Dream Songs Night Songs
From Mali to Louisiana
“Pleasant dreams / as I beat my drum to the sound of your heart / to the rhythm of Mother Earth.” These are the lyrics of “Sadraskwiio,” of the Huron-Wendake tribe of Canada, one of fourteen lullabies included in this enchanting storybook with accompanying CD.
Geared towards very young children, this bedtime story is a lullaby itself. Its few reassuring sentences talk about the wonderful things that tomorrow’s voyage will bring. The story’s fourteen fragments, written in English, Spanish, and French, thematically anchor each accompanying two-page illustration. Each illustration is also sequentially associated with a lullaby on the CD. The lullabies are sung in their original language in a lush recording that employs a worldwide assortment of instruments. The line, “New friends will come along,” for example, is illustrated by a mother hen trailed by three chicks in little rubber boots, and is paired with “Los Pollitos Dicen” (“The Chicks Say”), a lullaby from Costa Rica.

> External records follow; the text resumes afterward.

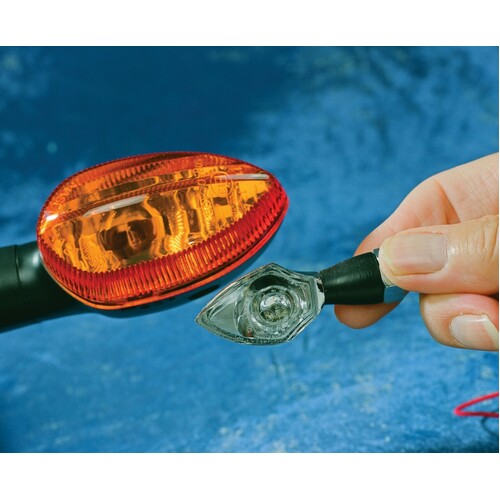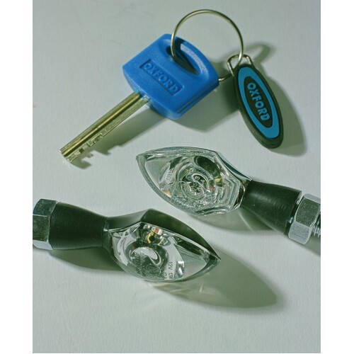 Replace your standard indicators with these beautifully crafted, miniaturized, high performance components. A battery of high intensity Light Emitting Diodes (LEDs) put basic, low wattage bulbs in the shade. With up to 10,000 MCD (1000 candle power) of lighting energy that is optimized by the latest ‘Honeycomb’ lens technology - helping to maximize your visibility when maneuvering. As well as their intelligent design and enhanced performance, Oxford Eyeshot LEDicators boast a much longer life-span than conventional bulb-lit indicators, so you can spend more time enjoying your bike and less time maintaining it.
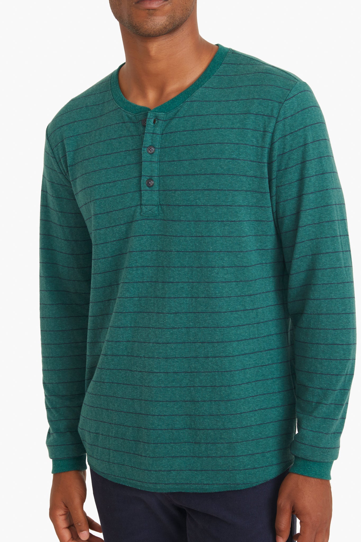 In a super-soft jersey blend fabric that youâll never want to take off. the Ponderosa Pine Navy Stripe Henley is a best-seller for a reason. Washed and faded to old-favorite perfection. this striped shirt features a quarter length placket to elevate it and a classic fit for easy layering. Throw this on with joggers to pick up your order at a local coffee shop. or style with a cool jacket on top to watch a fall football game.
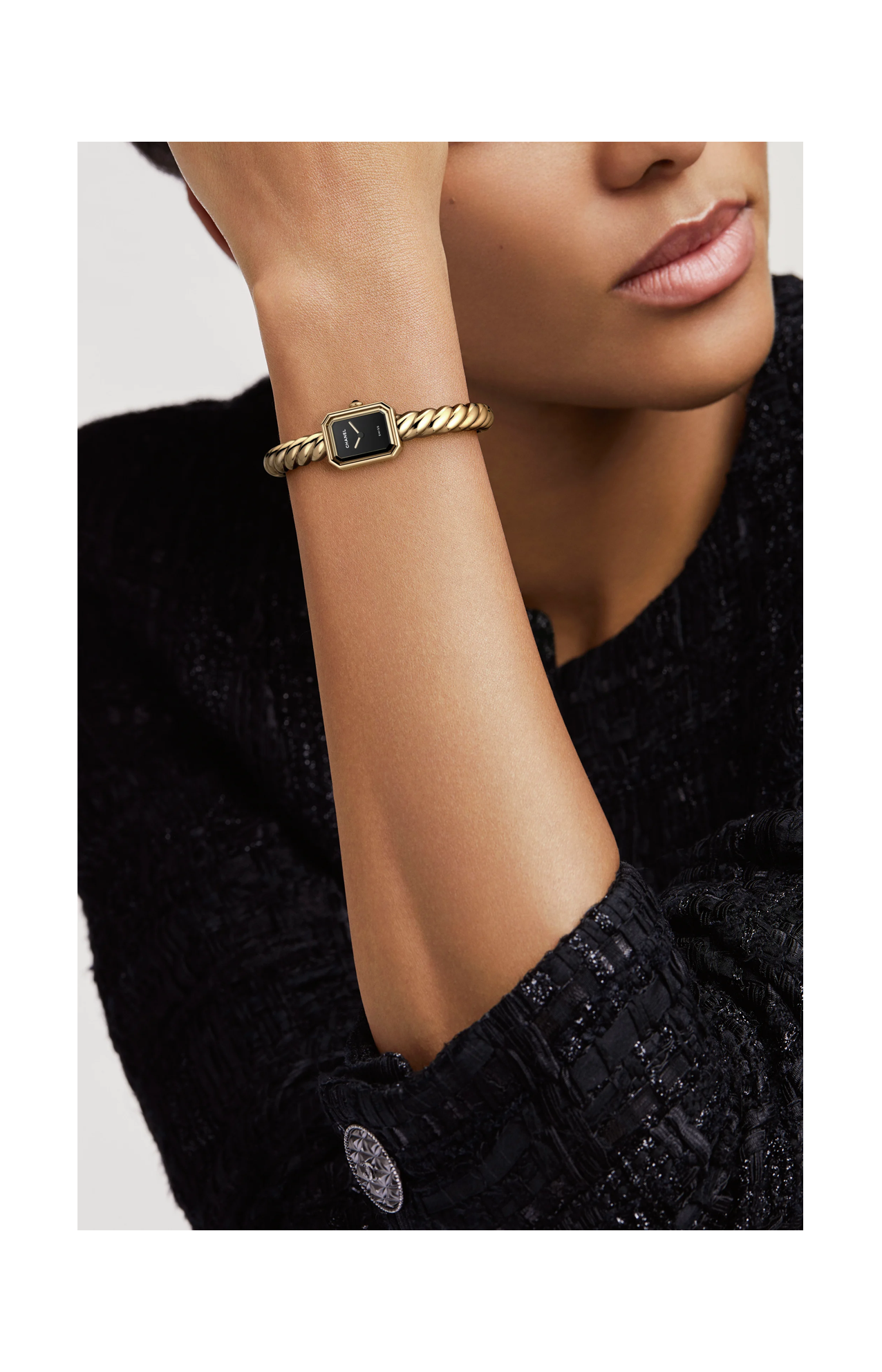 L’orologio CHANEL PREMIÈRE Galon Ref. H11048 è un segnatempo di raffinata eleganza che celebra l’equilibrio perfetto tra stile iconico e dettagli couture, incarnando l’estetica distintiva della Maison CHANEL. La cassa ottagonale, simbolo storicamente ispirato alla geometria del flacone del profumo N°5 e alla pianta della Place Vendôme, è realizzata in oro giallo 18 carati con superfici curate e proporzioni armoniose, esprimendo un design sofisticato e moderno. Il quadrante laccato nero offre un contrasto elegante con una leggibilità chiara e armoniosa delle ore e dei minuti, mentre la semplicità delle linee sottolinea l’eleganza senza tempo. Il movimento al quarzo ad alta precisione garantisce affidabilità quotidiana con minima manutenzione, perfetto per chi desidera un orologio elegante e funzionale. Il bracciale a “galon” in acciaio con dettagli sartoriali ricorda il motivo dei famosi tessuti couture, conferendo all’orologio un tocco unico e distintivo che fonde lusso, stile e comfort. Pensato per chi ama accessori che combinano estetica e personalità, il PREMIÈRE Galon Ref. H11048 è ideale da indossare in ogni occasione, incarnando la visione contemporanea e l’eleganza senza tempo firmata CHANEL.

The book is well served by the story’s simplicity, as the illustrations and songs are rich and textured. The illustrator has won numerous awards, including finalist in the 2003 LUX Quebec children’s book category. Her illustrations here are dreamlike and saturated with color, and depict scenes from around the world, such as a mother feeding her child soup in Mali, or magical creations like a winged horse. The warmth and whimsy of Bourbonnière’s art will win over any viewer.

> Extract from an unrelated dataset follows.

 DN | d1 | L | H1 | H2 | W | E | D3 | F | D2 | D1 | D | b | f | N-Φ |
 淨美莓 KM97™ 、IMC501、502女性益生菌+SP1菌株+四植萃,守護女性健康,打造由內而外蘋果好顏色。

Also included on the CD are PDF files of posters of the illustrations, with the song lyrics translated into the three languages. As in many lullabies, the actual words can sometimes be a little scary, as in the Japanese lullaby “Owaiyare,” in which a child is warned to go back to bed or a rat will take him away. However, the song is so spellbinding that only a cynical adult fluent in Japanese would bat an eye.
Dream Songs is the second volume in a series; the award-winning Volume One, by the same author, featured lullabies “from China to Senegal.” This volume was first published in Canada under the title Dodo La Planète Do (“dodo” means “night-night” in French). That edition won the Parents’ Choice Foundation’s 2004 Gold Award and was nominated for the 2004 Juno Awards for Children’s Album of the Year. The PDF files might be a little tricky to find for less computer-savvy readers, but this book is a luscious example of excellent children’s literature.
A true multi-cultural and multi-disciplinary work, it is as educational as it is enjoyable. The only catch is that little ones, and any adults within earshot, might not be able to resist sleep long enough to reach the end. If so, the remaining songs make for wonderful dreams.